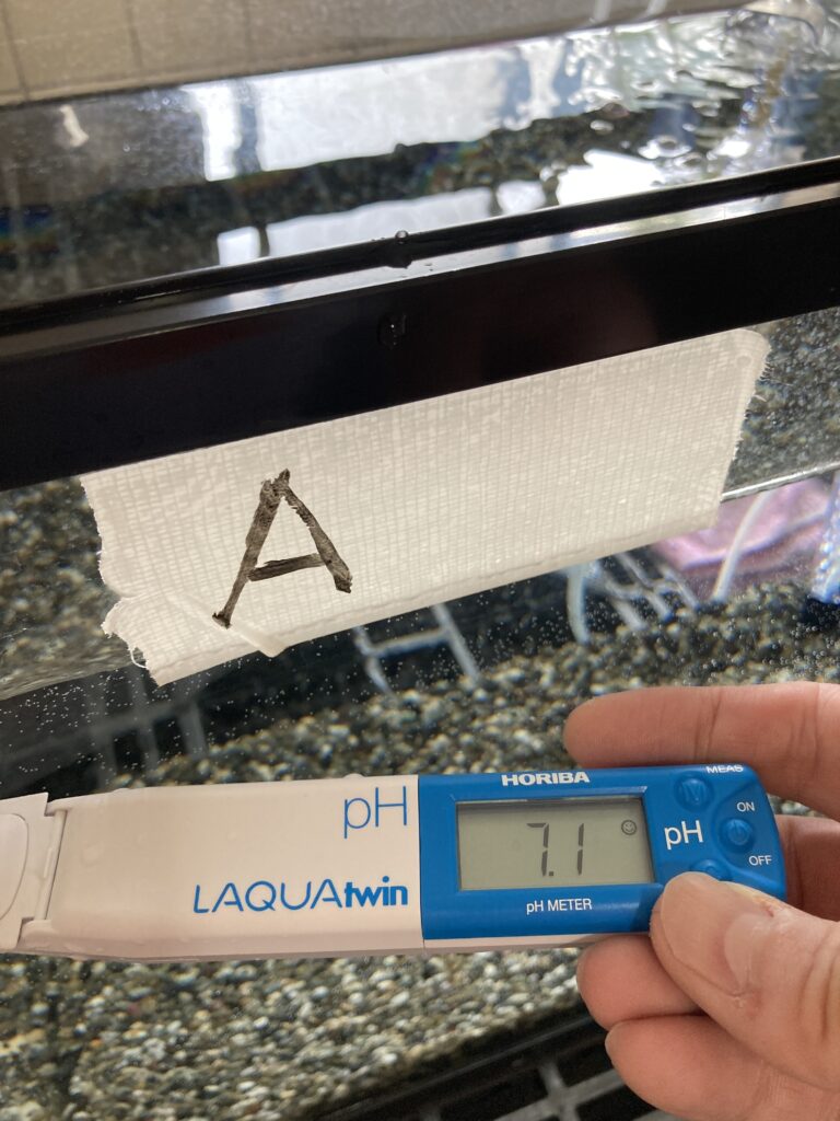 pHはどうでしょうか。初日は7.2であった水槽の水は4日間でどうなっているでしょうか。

* * *

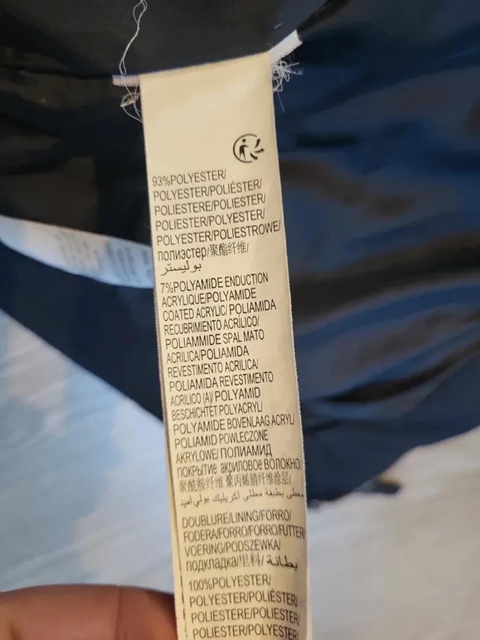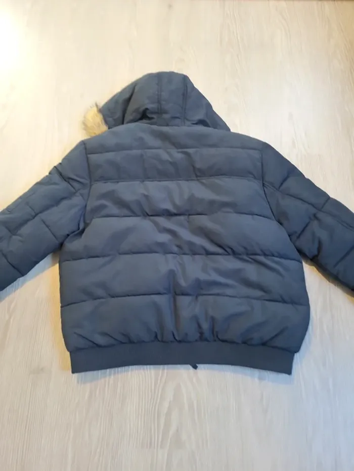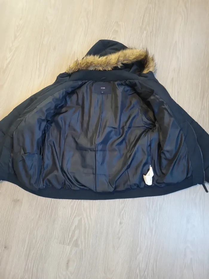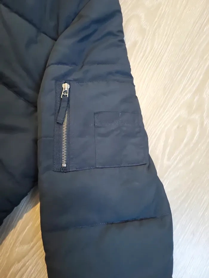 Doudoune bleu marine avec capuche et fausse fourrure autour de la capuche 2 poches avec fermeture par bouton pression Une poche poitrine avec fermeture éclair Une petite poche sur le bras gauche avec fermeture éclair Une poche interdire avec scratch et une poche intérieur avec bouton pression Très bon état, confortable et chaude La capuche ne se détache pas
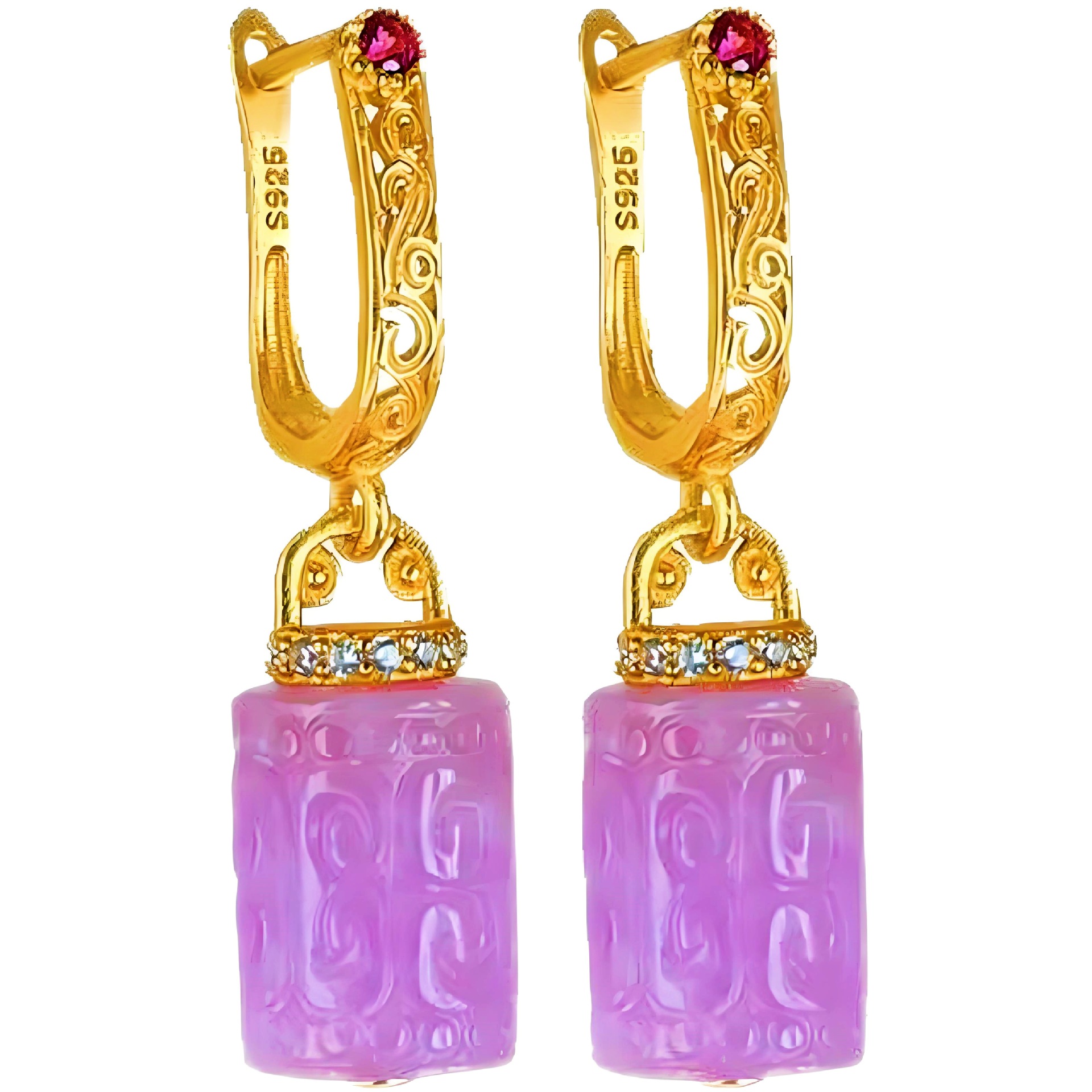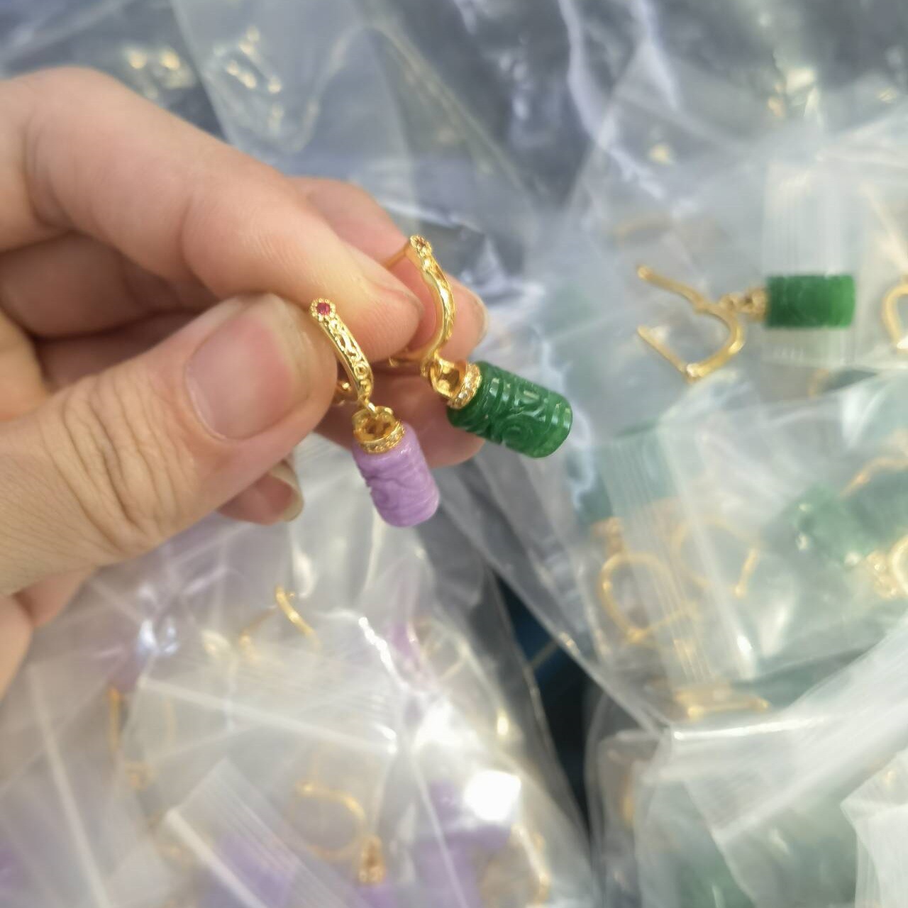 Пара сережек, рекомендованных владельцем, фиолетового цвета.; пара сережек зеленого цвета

> **REQUIRED ACTION**
Among the entries above, copy exactly the stretch from the line holding "Doudoune bleu marine" through the line holding "Пара сережек, рекомендованных", leaving out any pictures.

> **ANSWER TO THIS PROBLEM**
 Doudoune bleu marine avec capuche et fausse fourrure autour de la capuche 2 poches avec fermeture par bouton pression Une poche poitrine avec fermeture éclair Une petite poche sur le bras gauche avec fermeture éclair Une poche interdire avec scratch et une poche intérieur avec bouton pression Très bon état, confortable et chaude La capuche ne se détache pas
 Пара сережек, рекомендованных владельцем, фиолетового цвета.; пара сережек зеленого цвета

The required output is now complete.